▶ **Task prompt**: A faithful copy of the data is the goal; set it down exactly, without the images.

▶ **The data**:
◆ ◆ ◆

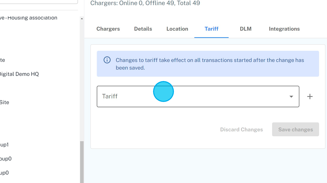 7. Set the tariff for the site. Tariff is used to calculate prices for the charging sessions happening in the site.
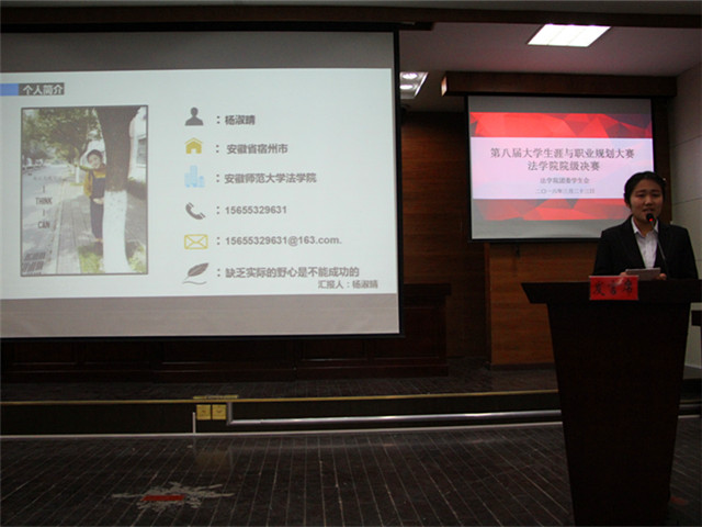 经过前期的层层选拔,共有13位同学进入决赛。决赛中,选手们职业目标定位明确,规划科学有序,借助制作精美的PPT,通过主题演讲、现场答辩分别从自我评估、环境分析、实施计划、反馈调整等方面向评委老师及同学们诠释了各具特点的职业规划。之后,评委们通过他们的职业规划书以及演讲内容针对性的进行提问,提问环节中,参赛选手们妙语连珠,赢得了在场同学们的阵阵掌声。
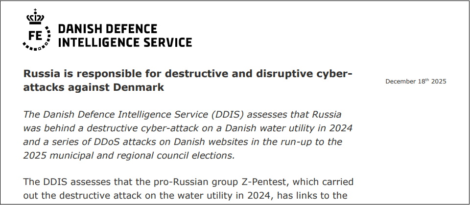 丹麥國防情報局(Danish Defense Intelligence Service,DDIS)指出,2024年對供水廠發動破壞式攻擊的親俄羅斯組織Z-Pentest,以及在2025年初丹麥市長和地方大選後,對該國數個網站發動分散式阻斷服務(DDoS)攻擊的駭客組織NoName057 (16)都和俄國政府有關連。

◆ ◆ ◆

▶ **Answer below**:
 7. Set the tariff for the site. Tariff is used to calculate prices for the charging sessions happening in the site.
 经过前期的层层选拔,共有13位同学进入决赛。决赛中,选手们职业目标定位明确,规划科学有序,借助制作精美的PPT,通过主题演讲、现场答辩分别从自我评估、环境分析、实施计划、反馈调整等方面向评委老师及同学们诠释了各具特点的职业规划。之后,评委们通过他们的职业规划书以及演讲内容针对性的进行提问,提问环节中,参赛选手们妙语连珠,赢得了在场同学们的阵阵掌声。
 丹麥國防情報局(Danish Defense Intelligence Service,DDIS)指出,2024年對供水廠發動破壞式攻擊的親俄羅斯組織Z-Pentest,以及在2025年初丹麥市長和地方大選後,對該國數個網站發動分散式阻斷服務(DDoS)攻擊的駭客組織NoName057 (16)都和俄國政府有關連。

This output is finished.